:: What to work on ::
Omit each picture as you copy the entries exactly.

:: Records shown ::
□ □ □ □ □ □ □
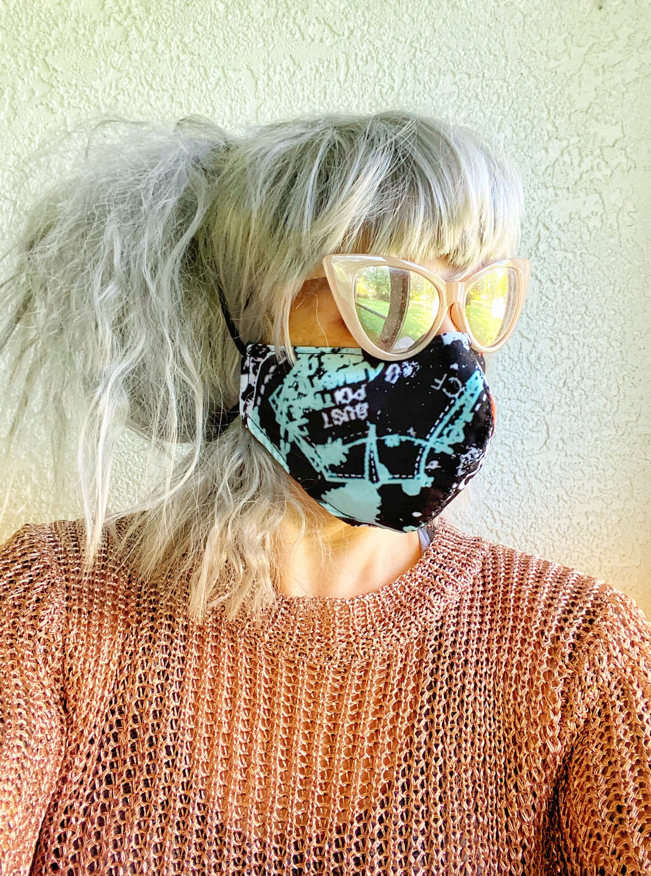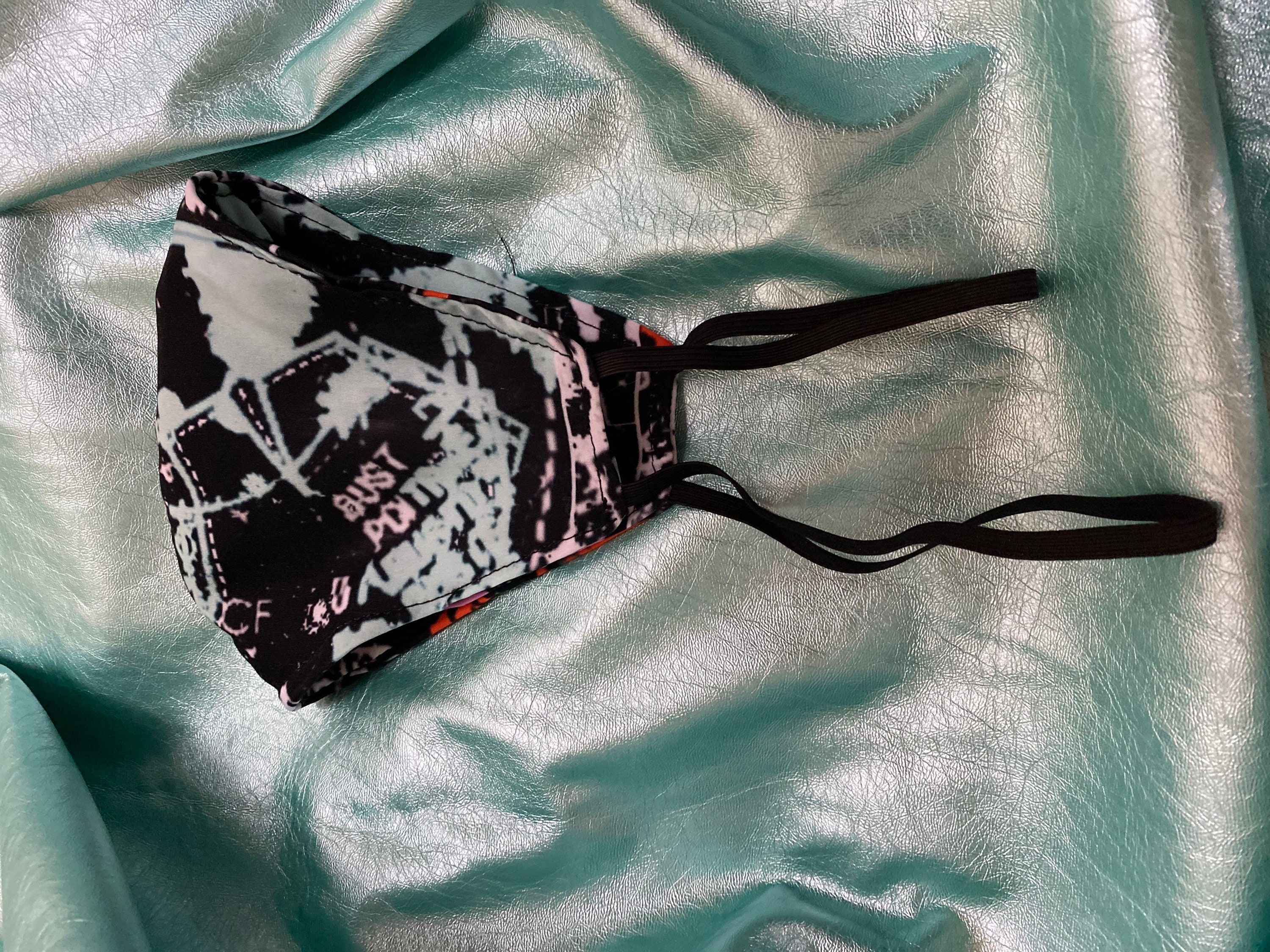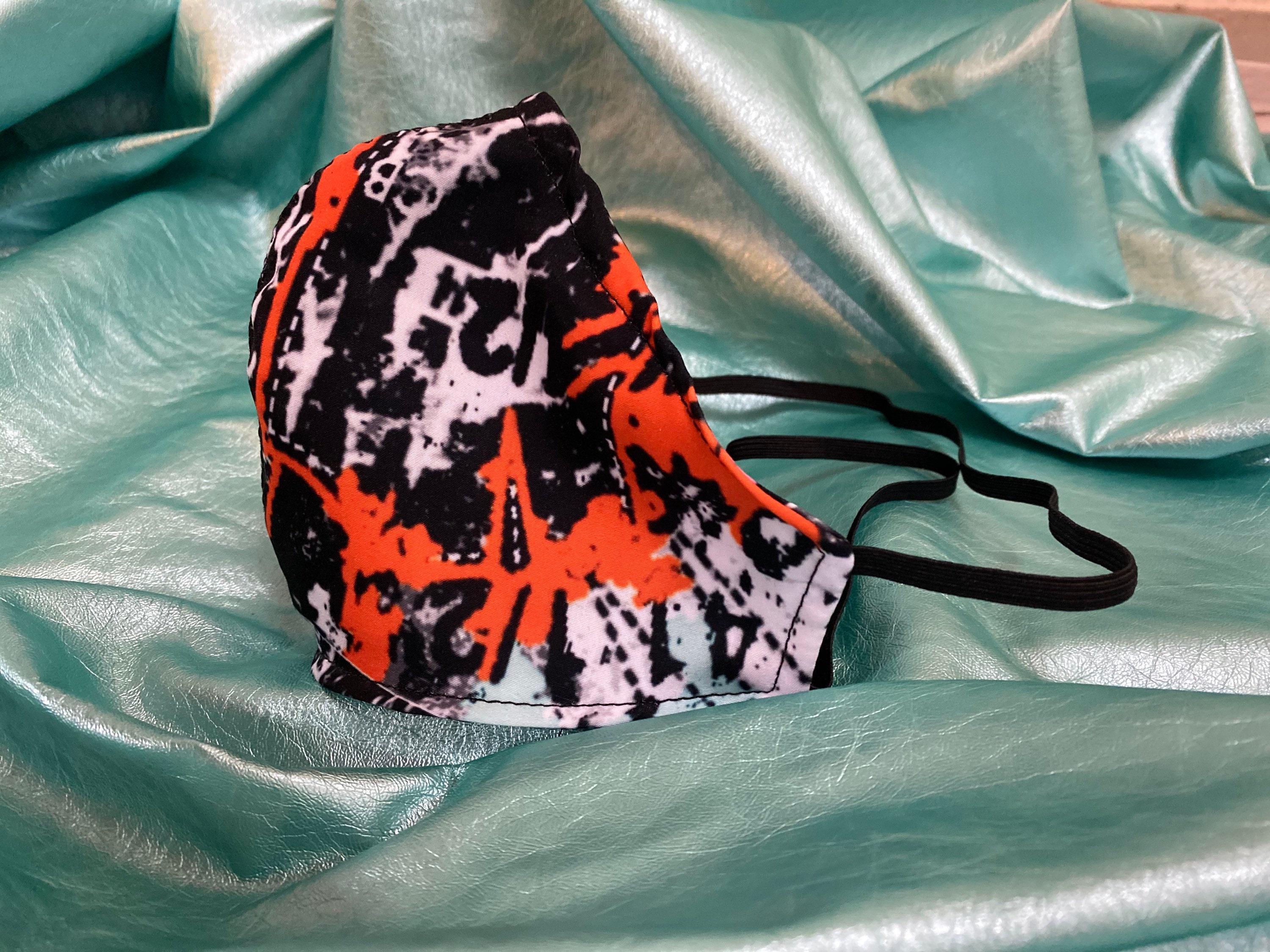 Thin, double lined abstract print mask with nose wiring, leopard lining and around the head/behind neck black elastic straps.
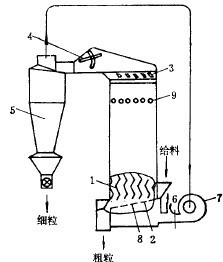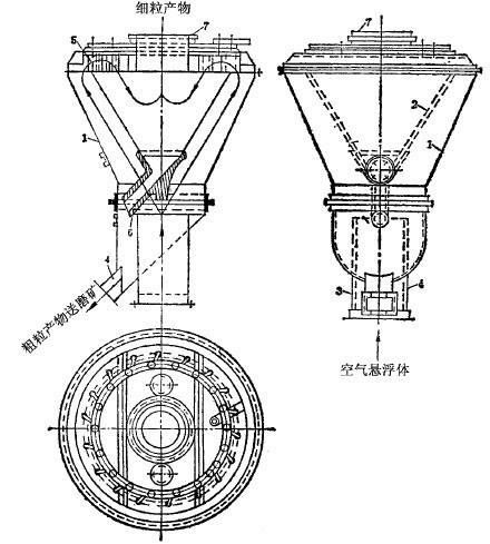圖2所示的上升氣流風(fēng)力分級機(jī)(附旋風(fēng)集塵器),呈方形的分級室內(nèi),裝有若干近于平行的豎直“之”字形導(dǎo)板1。從料斗給到篩板2上的物料,在下部供入的上升氣流作用下,被帶到分級室中,經(jīng)過彎曲的導(dǎo)板上行過程中,粗的礦粒落下與未過篩的粗粒一起排出,為粗粒產(chǎn)物。細(xì)的礦粒經(jīng)上部通道入旋風(fēng)集塵器分離,得細(xì)粒產(chǎn)物。集塵器上部排出的氣流,又回到風(fēng)機(jī),循環(huán)使用,或者從孔6中排走。
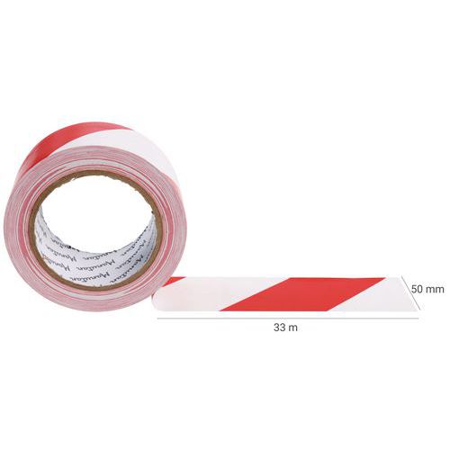 Cinta de marcado, Material: PVC, Longitud: 33 m, Ancho: 50 mm, Color: Rojo/blanco, Espesor: 0.16 mm
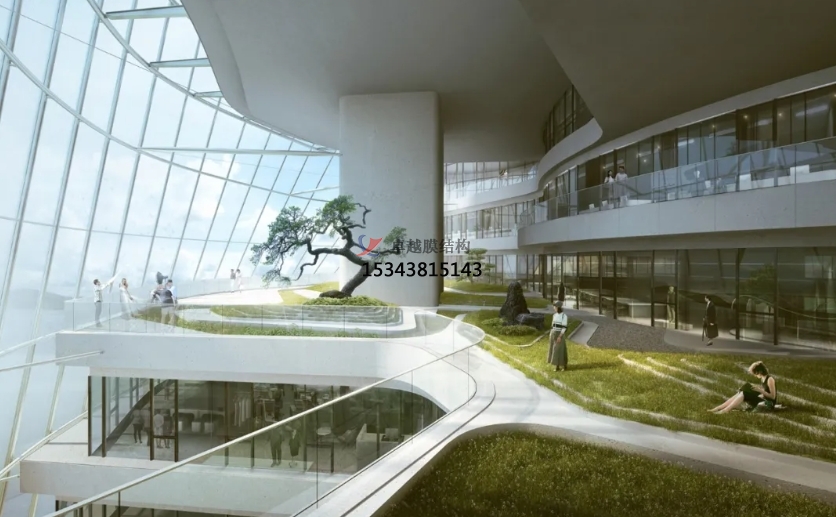 該建筑的采用 PTFE 膜材使得設(shè)計(jì)中心是一座適合當(dāng)?shù)貧夂虻母咝芫G色建筑。特制的半透明遮陽膜,設(shè)計(jì)透光率為40%,既降低了建筑的太陽輻射,又給辦公空間提供了充分柔和的自然光。
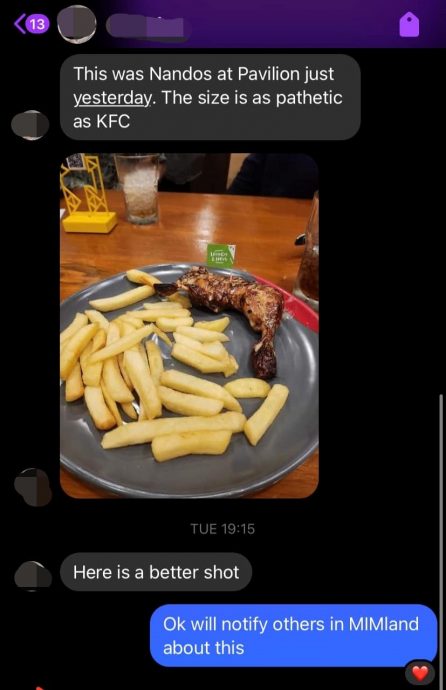 部分网民也指出,他们皆曾遭遇同样的事情,促请Nando’s严正看待这一问题,确保食物质量受控,不要等待事情发酵后才来补救。
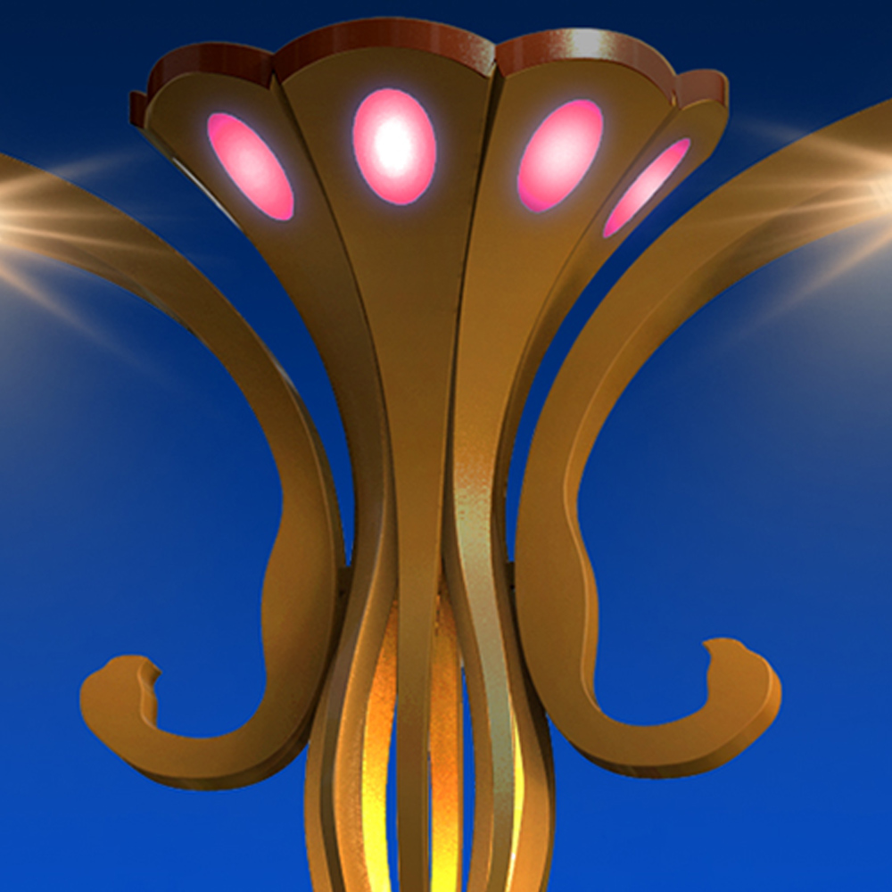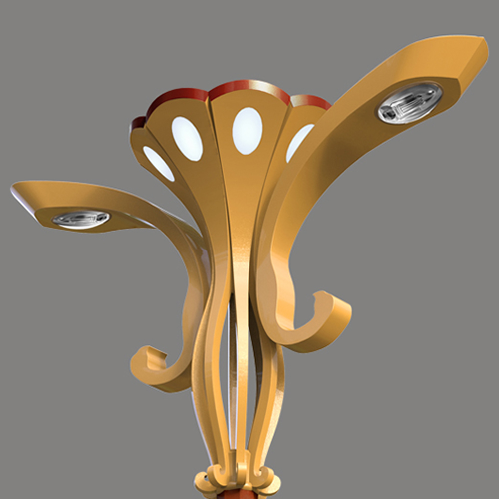 燈臂的設(shè)計(jì)以飛翔的鳳凰姿態(tài)為元素,將鳳凰的尾部特征高度提煉作為燈具的主體造型。
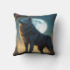 A powerful wolf stands on a cliff, illuminated by the full moon, as it howls into the night, surrounded by silhouette trees against a twilight sky.
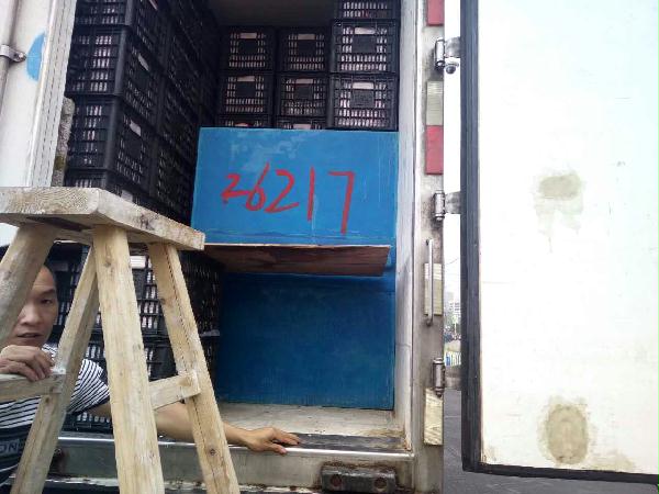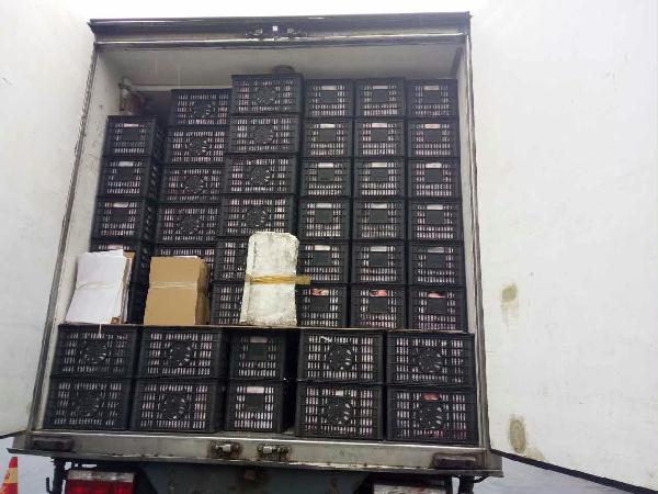 圖為被處罰的車輛 早上10點(diǎn)40分左右,這輛運(yùn)蘋果的貨車駛?cè)胧召M(fèi)站的一號(hào)崗?fù)ぃ緳C(jī)師傅說自己運(yùn)的是蘋果,根據(jù)公司規(guī)定,綠農(nóng)車檢查必須開車門檢查貨物。憑著多年的檢查經(jīng)驗(yàn),當(dāng)班班長童軍偉發(fā)現(xiàn)這輛綠農(nóng)車有問題,覺得重量遠(yuǎn)遠(yuǎn)不夠,可能不符合“綠農(nóng)”免費(fèi)政策。果不其然,車廂中“深藏玄機(jī)”,左右兩側(cè)各有一排玻璃鋼魚箱,這就給檢查增加了難度。當(dāng)班班長要求司機(jī)師傅把最后兩排箱子拿掉,想檢查玻璃魚缸,然而這個(gè)司機(jī)極其不配合,還惡意刁難工作人員,說什么也不搬蘋果。
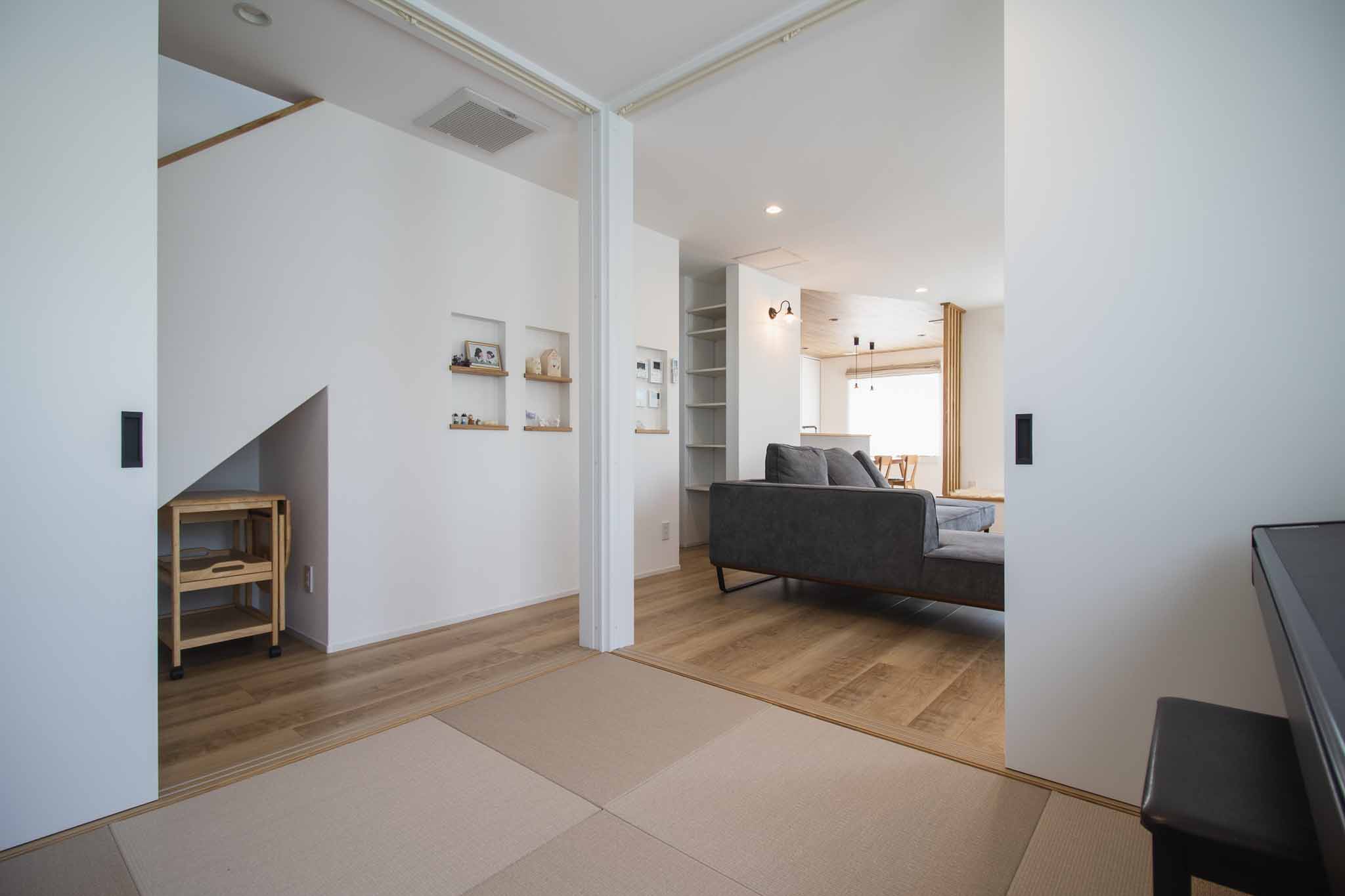 和室:リビングに隣接する4.5帖の和室は、引き戸を開放するとリビングと一体化し、広々とした空間として利用できます。キッズスペースや客間としても活用可能です。
□ □ □ □ □ □ □
:: Written solution ::
 Thin, double lined abstract print mask with nose wiring, leopard lining and around the head/behind neck black elastic straps.
圖2所示的上升氣流風(fēng)力分級機(jī)(附旋風(fēng)集塵器),呈方形的分級室內(nèi),裝有若干近于平行的豎直“之”字形導(dǎo)板1。從料斗給到篩板2上的物料,在下部供入的上升氣流作用下,被帶到分級室中,經(jīng)過彎曲的導(dǎo)板上行過程中,粗的礦粒落下與未過篩的粗粒一起排出,為粗粒產(chǎn)物。細(xì)的礦粒經(jīng)上部通道入旋風(fēng)集塵器分離,得細(xì)粒產(chǎn)物。集塵器上部排出的氣流,又回到風(fēng)機(jī),循環(huán)使用,或者從孔6中排走。
 Cinta de marcado, Material: PVC, Longitud: 33 m, Ancho: 50 mm, Color: Rojo/blanco, Espesor: 0.16 mm
 該建筑的采用 PTFE 膜材使得設(shè)計(jì)中心是一座適合當(dāng)?shù)貧夂虻母咝芫G色建筑。特制的半透明遮陽膜,設(shè)計(jì)透光率為40%,既降低了建筑的太陽輻射,又給辦公空間提供了充分柔和的自然光。
 部分网民也指出,他们皆曾遭遇同样的事情,促请Nando’s严正看待这一问题,确保食物质量受控,不要等待事情发酵后才来补救。
 燈臂的設(shè)計(jì)以飛翔的鳳凰姿態(tài)為元素,將鳳凰的尾部特征高度提煉作為燈具的主體造型。
 A powerful wolf stands on a cliff, illuminated by the full moon, as it howls into the night, surrounded by silhouette trees against a twilight sky.
 圖為被處罰的車輛 早上10點(diǎn)40分左右,這輛運(yùn)蘋果的貨車駛?cè)胧召M(fèi)站的一號(hào)崗?fù)ぃ緳C(jī)師傅說自己運(yùn)的是蘋果,根據(jù)公司規(guī)定,綠農(nóng)車檢查必須開車門檢查貨物。憑著多年的檢查經(jīng)驗(yàn),當(dāng)班班長童軍偉發(fā)現(xiàn)這輛綠農(nóng)車有問題,覺得重量遠(yuǎn)遠(yuǎn)不夠,可能不符合“綠農(nóng)”免費(fèi)政策。果不其然,車廂中“深藏玄機(jī)”,左右兩側(cè)各有一排玻璃鋼魚箱,這就給檢查增加了難度。當(dāng)班班長要求司機(jī)師傅把最后兩排箱子拿掉,想檢查玻璃魚缸,然而這個(gè)司機(jī)極其不配合,還惡意刁難工作人員,說什么也不搬蘋果。
 和室:リビングに隣接する4.5帖の和室は、引き戸を開放するとリビングと一体化し、広々とした空間として利用できます。キッズスペースや客間としても活用可能です。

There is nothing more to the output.